El día que conocí a mi primer puta me dio diarrea. Triste, pero así fue. Pensaba que el animo se me iba a ir; pero de repente la calentura y el anonimato de una avenida me dieron el valor que necesitaba. Tenía a dos candidatas que se disputaban mis queréres (billetes de cincuenta pesos). Una contaba a su favor una estrecha cintura y tacones muy puntiagudos, la otra teñía su cabello de rojo y era de piel pálida. Fue una larga elección. Di un gran número de vueltas a la manzana hasta que un tercero eligió mi destino. Un hombre de mediana estatura y cejas espesas me arrinconó en la cortina de un local. Eres policía o puto, dijo. Ninguna de las dos, pero si me pone a elegir prefiero ser la segunda opción. Dijo que no era un supermercado, para andar viendo como lelo, después me ayudo a elegir. Dos billetes colmaban mi bolsillo derecho, setenta para la prostituta y treinta para el taxi.

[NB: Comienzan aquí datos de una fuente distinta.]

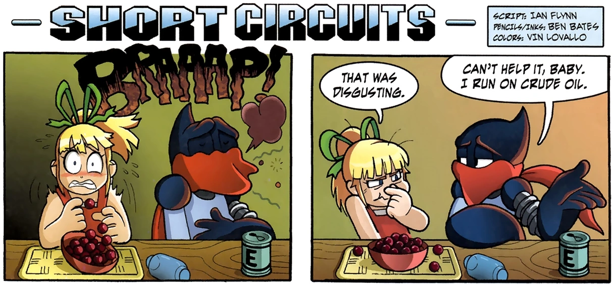 Oil Man gives off a disgusting belch and blames it on the fact that he runs on 'crude' oil when Roll objects.
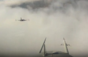 Відео, зняте з кабіни пілота, як льотні екіпажі військово-повітряних сил України відпрацьовують навички бойового застосування на авіаційному полігоні Повурськ у Ковельському районі
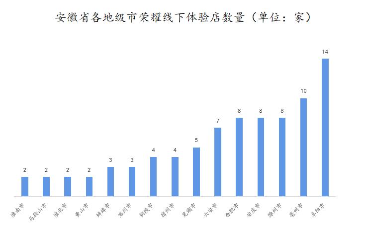 但安徽省蚌埠市荣耀线下体验店退出当地市场的情况并非个案,据荣耀官网显示,目前安徽全省线下荣耀体验店仅有82家。其中,在安徽省淮南市、马鞍山市、淮北市等多个地级市荣耀线下体验店数量更是仅有2家,最多的阜阳市也仅有14家。
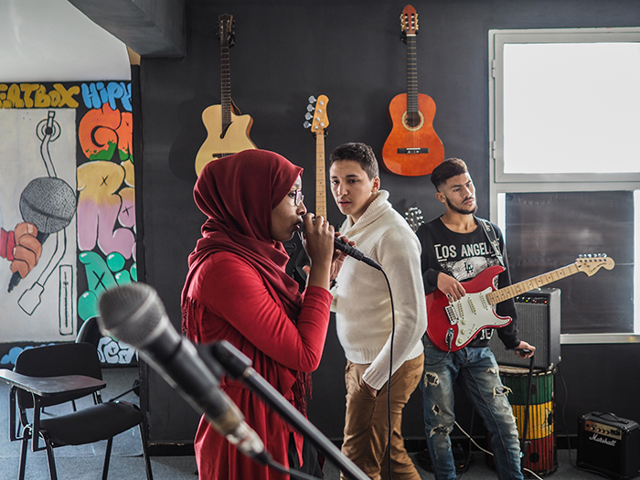 Depuis quelques mois, elle peaufine ses morceaux avec un groupe d'autres jeunes musiciens motivés par la scène. Ils se retrouvent tous les week-ends au centre pour répéter. "J'ai une chance incroyable de pouvoir venir ici. Il faudrait pouvoir ouvrir d'autre lieux de ce type car cela remplit un grand vide".
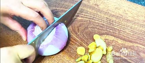 将姜切成姜片,再准备一颗洋葱一分为二给切开,切开之后用一半就可以了,直接将洋葱滚刀切块。切好的洋葱跟姜片全部放入盘中备用
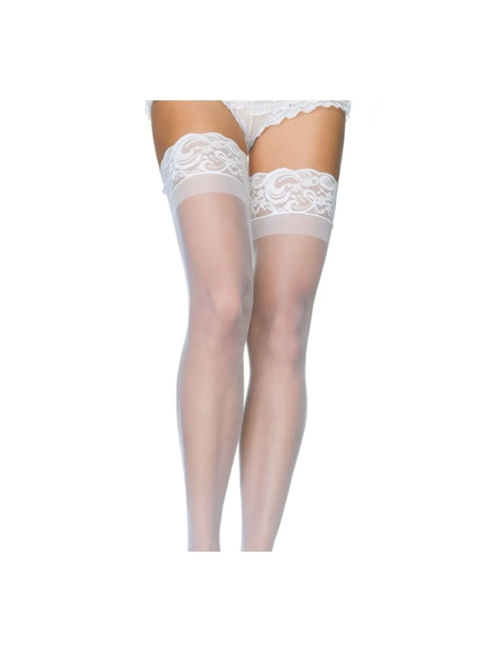 Féminin et élégant cette paire de bas blanc autofixant subliment vos jambes très simplement et tiennent parfaitement en place.
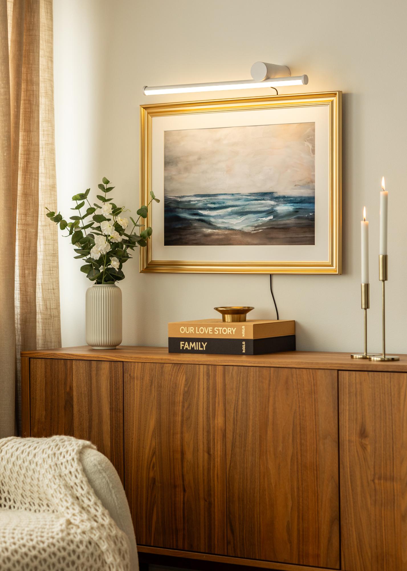 Die Beleuchtung ist mit einer LED-Lichtquelle ausgestattet, die ein warmweißes Licht mit einer Farbtemperatur von 3000K bietet. Dies erzeugt ein weiches und einladendes Licht, das die Details Ihres Kunstwerks auf natürliche Weise hervorhebt. Die Lichtstärke beträgt 780 Lumen, was ausreicht, um Ihr Gemälde zu beleuchten, ohne harte Kontraste zu erzeugen oder den Raum zu überwältigen. Das Licht verteilt sich gleichmäßig über das Kunstwerk, um alle Details bestmöglich zur Geltung zu bringen.

Subimos las escaleras del edificio. Las agujas de sus talones me hacían sentir orgulloso y sin pena por llevar a mi casa a una prostituta llena de granos. Setenta pesos por tres horas; no es totalmente blanca, pero, como ya mencioné, tiene cintura de africana. No supe como era el protocolo, ni los tratos y permisos otorgados, entonces la toqué como acostumbraba hacer con mis novias. Ella se reía, me miraba tiernamente cuando mi mano danzaba entre sus muslos. Destapé unas latas de cerveza, y al regresar su falda, suéter, y pantaletas, yacían sobre el buró. Se me hizo ridículo que no se quitara el sostén. Mi primera puta cogía como mis novias: no hablamos, ella gimió, yo sude, machamos las sabanas de amarillo nicotina, derramamos pasiones en la almohada. Un día Liliana me dijo que no encontraría una mujer como ella en toda mi inútil vida. Esa noche comprobé que Liliana era tan puta como las profesionales; lo malo era que ella no lo sabía.